「北枕で寝てはいけない」という言葉を、子供の頃に一度は耳にしたことがないでしょうか。
なんとなく縁起が悪いものとして、ベッドの向きを避けてきた方も多いのではないでしょうか。
けれど、その古い言い伝えを一歩踏み越えてみると、そこには地球の大きな循環に守られた、驚くほど理にかなった夜の過ごし方が隠されています。
今回は、科学的・物理的な視点から、北枕がもたらすリアルな心地よさの秘密を紐解いてみませんか。
地球の磁力と、ぴったり一直線に重なり合う
私たちの暮らすこの地球には、南から北へと向かって、目に見えない大きな磁場が絶え間なく流れています。

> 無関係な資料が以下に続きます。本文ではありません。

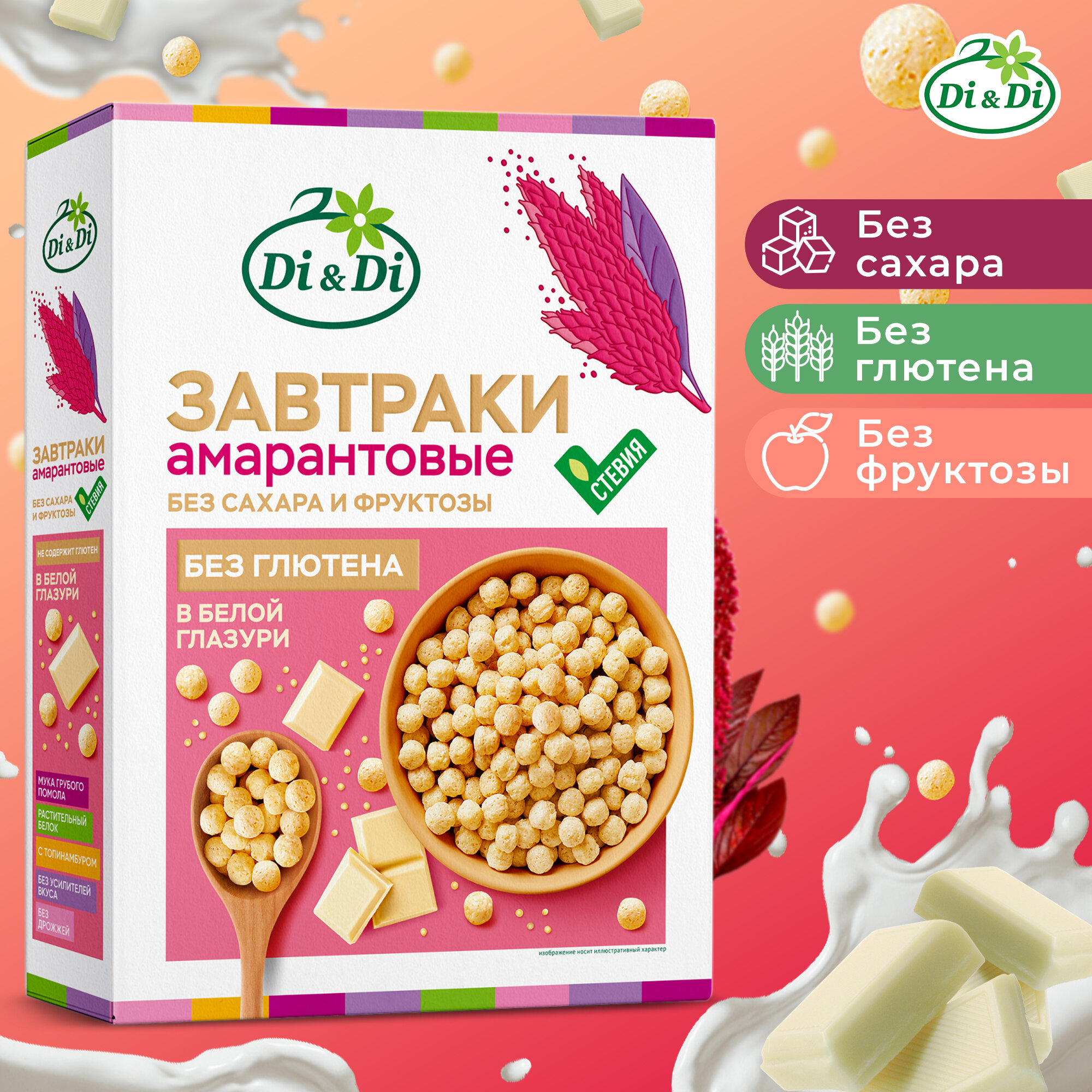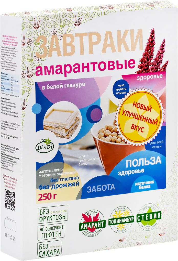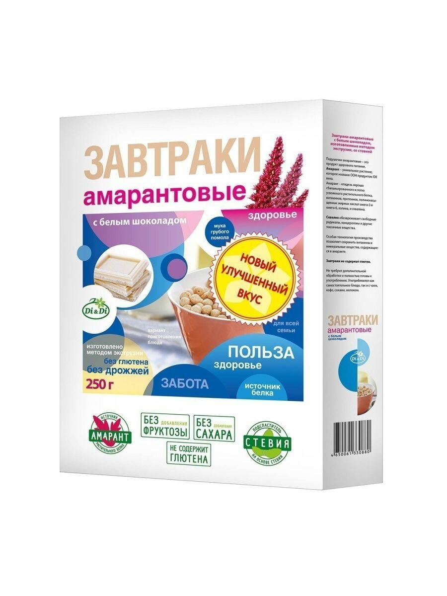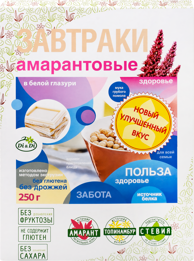 Готовый завтрак амарантовый Di&Di в белой глазури, без сахара, без глютена, 250г интересное:

北に頭を置き、南に足を向けて横たわるとき、私たちの身体は地球の磁力の流れと、ぴったりときれいに一直線に重なり合うのです。
日中の慌ただしい時間のなかで、あちこちへ向いていた身体のベクトルが、地球の大きな軸とひとつに整う瞬間。
それだけで、強張っていた内側のめぐりが、逆らうことなく滑らかな状態へと戻っていくのを感じられます。

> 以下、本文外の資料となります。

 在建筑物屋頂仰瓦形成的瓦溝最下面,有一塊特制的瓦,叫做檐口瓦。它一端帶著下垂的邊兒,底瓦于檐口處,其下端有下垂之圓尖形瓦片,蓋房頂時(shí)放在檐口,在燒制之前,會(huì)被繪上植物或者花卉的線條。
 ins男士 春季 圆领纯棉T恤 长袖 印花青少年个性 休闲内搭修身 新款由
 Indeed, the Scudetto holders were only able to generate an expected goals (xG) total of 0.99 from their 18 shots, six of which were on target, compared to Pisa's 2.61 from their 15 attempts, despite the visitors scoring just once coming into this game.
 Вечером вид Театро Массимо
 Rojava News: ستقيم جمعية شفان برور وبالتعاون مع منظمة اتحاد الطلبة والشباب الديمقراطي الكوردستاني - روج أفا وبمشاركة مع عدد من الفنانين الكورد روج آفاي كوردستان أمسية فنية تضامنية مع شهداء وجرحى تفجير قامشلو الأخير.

無理に環境をコントロールしようとするのをやめて、ただ大きな自然の流れに身体の向きを合わせてみる。
そのシンプルな選択が、日中の忙しさで張り詰めていた大人の神経を、穏やかに緩める最初のきっかけになります。
東洋医学が教える、理想的な「頭寒足熱」の巡り
昔から健康に良いとされる「頭寒足熱」という言葉がありますが、北枕はまさにこの状態を物理的に作り出す寝方でもあります。
家の中でも、北側は比較的涼しく、南側は日差しなどの影響で温かさが残りやすいという特徴があります。
頭を北側の静かで涼しい方角へ向け、足を南側へと伸ばすことは、頭の余計な熱をすうっと逃がし、足元を優しく温める自然の理にかなっているのです。
「早く眠らなければ」と身構えるのをやめて、ただ頭が静かに冷やされていく感覚をじっと待ってみる。
その体温の自然な高低差が、脳の警戒モードを穏やかに緩め、日中のオーバーヒートをリセットしてくれます。
磁気の流れに意識を預けて、思考を静める
布団のなかでじっとしているとき、今日あった出来事への後悔が頭の中でぐるぐると回り続けてしまう夜があります。
実は、こうした頭の休まらなさも、地球のリズムから少しだけはぐれてしまった、身体の小さなサインなのかもしれません。
足を南へ伸ばし、頭を北へと落ち着かせるとき、目に見えない大らかな流れが、頭に上ってしまった血流や熱を足元へと静かに引き下げてくれます。
頭の中のうるさいひとりごとを無理に消そうとするのではなく、ただ地球の磁気という大きなゆとりのなかに、自分の意識の重心をそっと置いてみる。
その、良い意味でのあきらめのような接地感が、大人の脳に余計な焦りを与えず、静かな充足感をもたらしてくれます。
言い伝えの裏にある、理にかなった方角のファクト
古くから伝わるタブーの裏側に隠されていた、地球と身体が静かに響き合うための心地よい仕組み。
今夜はベッドの向きをそっと北へと変えて、足元から頭へと流れる大らかな磁気の気配に、ただ自分の身体を馴染ませてみませんか。
外の世界の慌ただしいルールや他人の言葉から遠く離れて、ただ何者でもない自分に戻っていく豊かな沈黙。
方角という目に見えない自然の道標に全身を委ねていくと、強張っていた心身の芯までが優しく解きほぐされ、地球の大きなるリズムと同化するような、静かで落ち着いた時間へと自然に導かれていくはずです。